Source code for climagrid.outputs.exporters

"""
Export helpers: write a climagrid environmental DataFrame to various formats.
"""

from __future__ import annotations

import json
from pathlib import Path

import pandas as pd

from climagrid.schema import COLUMN_MAP



[docs]
def to_dataframe(df: pd.DataFrame) -> pd.DataFrame:
    """
    Return the DataFrame as-is after schema validation.

    Useful as a no-op endpoint that confirms the DataFrame conforms
    to the climagrid schema without writing to disk.
    """
    from climagrid.schema import validate_dataframe
    errors = validate_dataframe(df)
    if errors:
        import warnings
        warnings.warn(
            "Schema validation warnings:\n" + "\n".join(f"  - {e}" for e in errors),
            UserWarning,
            stacklevel=2,
        )
    return df




[docs]
def to_csv(df: pd.DataFrame, path: str | Path, **kwargs) -> Path:
    """
    Write the DataFrame to a CSV file.

    Parameters
    ----------
    df:
        climagrid environmental DataFrame.
    path:
        Output file path (will create parent directories).
    **kwargs:
        Passed to pandas.DataFrame.to_csv().

    Returns
    -------
    Path
        Absolute path of the written file.
    """
    path = Path(path)
    path.parent.mkdir(parents=True, exist_ok=True)
    kwargs.setdefault("index", False)
    df.to_csv(path, **kwargs)
    return path.resolve()




[docs]
def to_parquet(df: pd.DataFrame, path: str | Path, **kwargs) -> Path:
    """
    Write the DataFrame to a Parquet file (column-oriented, compressed).
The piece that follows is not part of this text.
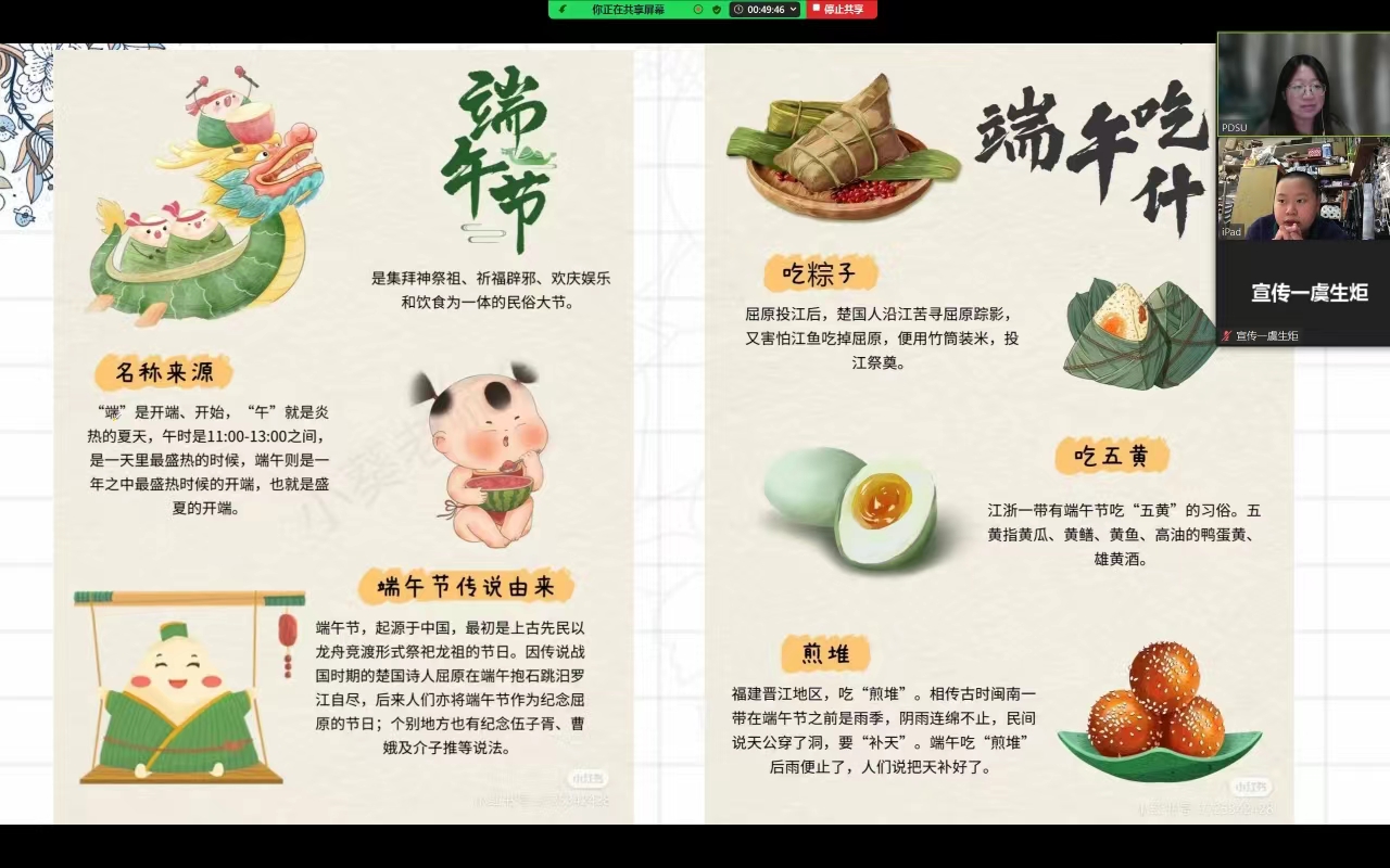 端午临中夏,时清日复长。日炽气蒸,“我为海外华人上网课”公益课程项目正在持续进行中。北京时间2024年6月8日,在面向南非的四年级中文课堂上,WilliamHill体育国际中文教育团队助教崔警元为中文学习者们带来了一堂以“端午节”为主题的线上课。

    Parquet is recommended for time ranges > 30 days or > 100 assets.

    Parameters
    ----------
    df:
        climagrid environmental DataFrame.
    path:
        Output file path.
    **kwargs:
        Passed to pandas.DataFrame.to_parquet().

    Returns
    -------
    Path
        Absolute path of the written file.
    """
    path = Path(path)
    path.parent.mkdir(parents=True, exist_ok=True)
    kwargs.setdefault("index", False)
    kwargs.setdefault("compression", "snappy")
    df.to_parquet(path, **kwargs)
    return path.resolve()



def to_long_parquet(df: pd.DataFrame, path: str | Path, **kwargs) -> Path:
    """
    Write the DataFrame to long-form Parquet: one row per (asset_id, timestamp, feature_name).

    Long form is the preferred format for ML feature stores and streaming pipelines.
    Schema: asset_id | timestamp | lat | lon | feature_name | feature_value

    Parameters
    ----------
    df:
        Wide-form climagrid DataFrame (output of ``climagrid.run()``).
    path:
        Output file path.
    **kwargs:
        Passed to pandas.DataFrame.to_parquet().

    Returns
    -------
    Path
        Absolute path of the written file.
    """
    id_cols = [c for c in ["asset_id", "timestamp", "lat", "lon"] if c in df.columns]
    long = df.melt(id_vars=id_cols, var_name="feature_name", value_name="feature_value")

    path = Path(path)
    path.parent.mkdir(parents=True, exist_ok=True)
    kwargs.setdefault("index", False)
    kwargs.setdefault("compression", "snappy")
    long.to_parquet(path, **kwargs)
    return path.resolve()



[docs]
def to_json_schema(path: str | Path | None = None) -> dict:
    """
    Return (and optionally write) the climagrid column schema as JSON.

    The schema file describes every column's name, dtype, units,
    source, and description. Utility engineers and SCADA vendors can
    use this to auto-configure their data ingestion pipelines.

    Parameters
    ----------
    path:
        If provided, write the schema JSON to this path.

    Returns
    -------
    dict
        The schema as a Python dictionary (also written to path if given).
    """
    schema: dict = {
        "climagrid_schema_version": "0.1.0",
        "description": (
            "Column schema for climagrid EnvironmentalDataFrame. "
            "All adapters and feature functions produce DataFrames "
            "conforming to this specification."
        ),
        "columns": [],
    }

    for spec in COLUMN_MAP.values():
        schema["columns"].append(
            {
                "name": spec.name,
                "dtype": spec.dtype,
                "units": spec.units,
                "source": spec.source,
                "nullable": spec.nullable,
                "description": spec.description,
            }
        )

    if path is not None:
        out_path = Path(path)
        out_path.parent.mkdir(parents=True, exist_ok=True)
        with open(out_path, "w", encoding="utf-8") as f:
            json.dump(schema, f, indent=2)

    return schema